TASK TO CARRY OUT: Write out every line of the material as it stands, apart from the pictures.

SUPPLIED INFORMATION:

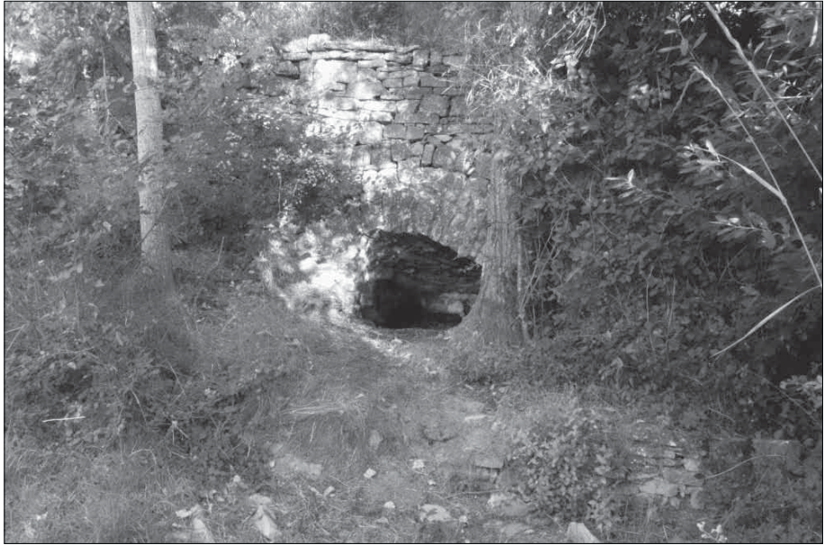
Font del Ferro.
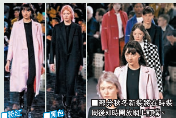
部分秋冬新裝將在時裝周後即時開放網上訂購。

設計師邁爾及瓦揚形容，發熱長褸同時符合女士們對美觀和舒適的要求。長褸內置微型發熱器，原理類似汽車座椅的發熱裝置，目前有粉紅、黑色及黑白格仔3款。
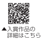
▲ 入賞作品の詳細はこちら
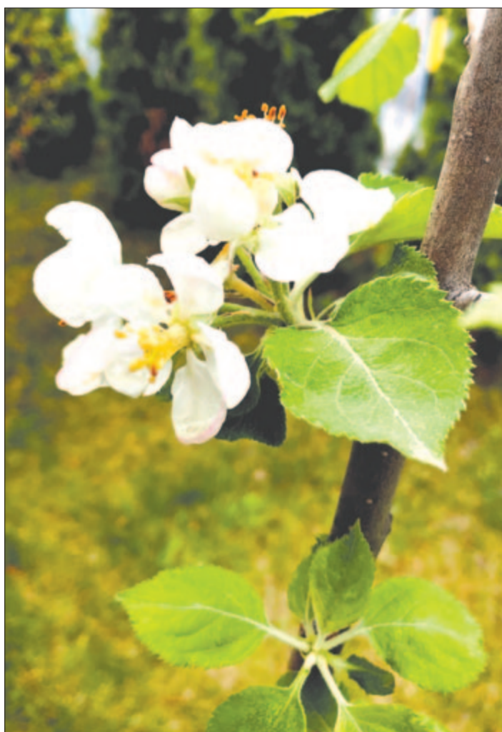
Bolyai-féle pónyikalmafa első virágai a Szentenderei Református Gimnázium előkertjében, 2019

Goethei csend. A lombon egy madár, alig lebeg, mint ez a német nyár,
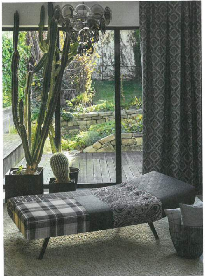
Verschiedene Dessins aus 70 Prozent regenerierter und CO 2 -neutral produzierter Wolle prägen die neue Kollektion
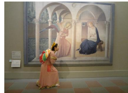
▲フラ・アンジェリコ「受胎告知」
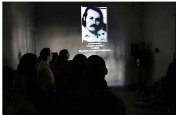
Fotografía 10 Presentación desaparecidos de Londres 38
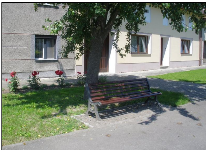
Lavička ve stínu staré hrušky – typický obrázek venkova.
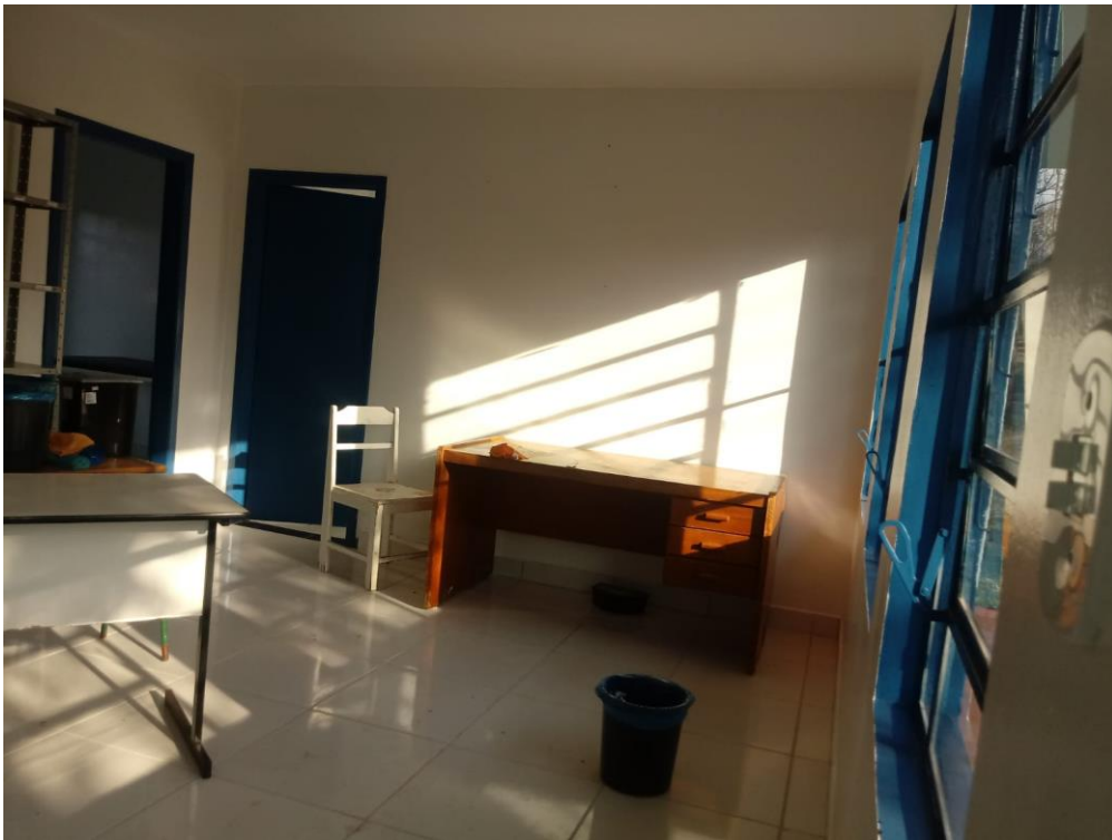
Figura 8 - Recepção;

TASK OUTPUT:
Font del Ferro.
部分秋冬新裝將在時裝周後即時開放網上訂購。

設計師邁爾及瓦揚形容，發熱長褸同時符合女士們對美觀和舒適的要求。長褸內置微型發熱器，原理類似汽車座椅的發熱裝置，目前有粉紅、黑色及黑白格仔3款。
▲ 入賞作品の詳細はこちら
Bolyai-féle pónyikalmafa első virágai a Szentenderei Református Gimnázium előkertjében, 2019

Goethei csend. A lombon egy madár, alig lebeg, mint ez a német nyár,
Verschiedene Dessins aus 70 Prozent regenerierter und CO 2 -neutral produzierter Wolle prägen die neue Kollektion
▲フラ・アンジェリコ「受胎告知」
Fotografía 10 Presentación desaparecidos de Londres 38
Lavička ve stínu staré hrušky – typický obrázek venkova.
Figura 8 - Recepção;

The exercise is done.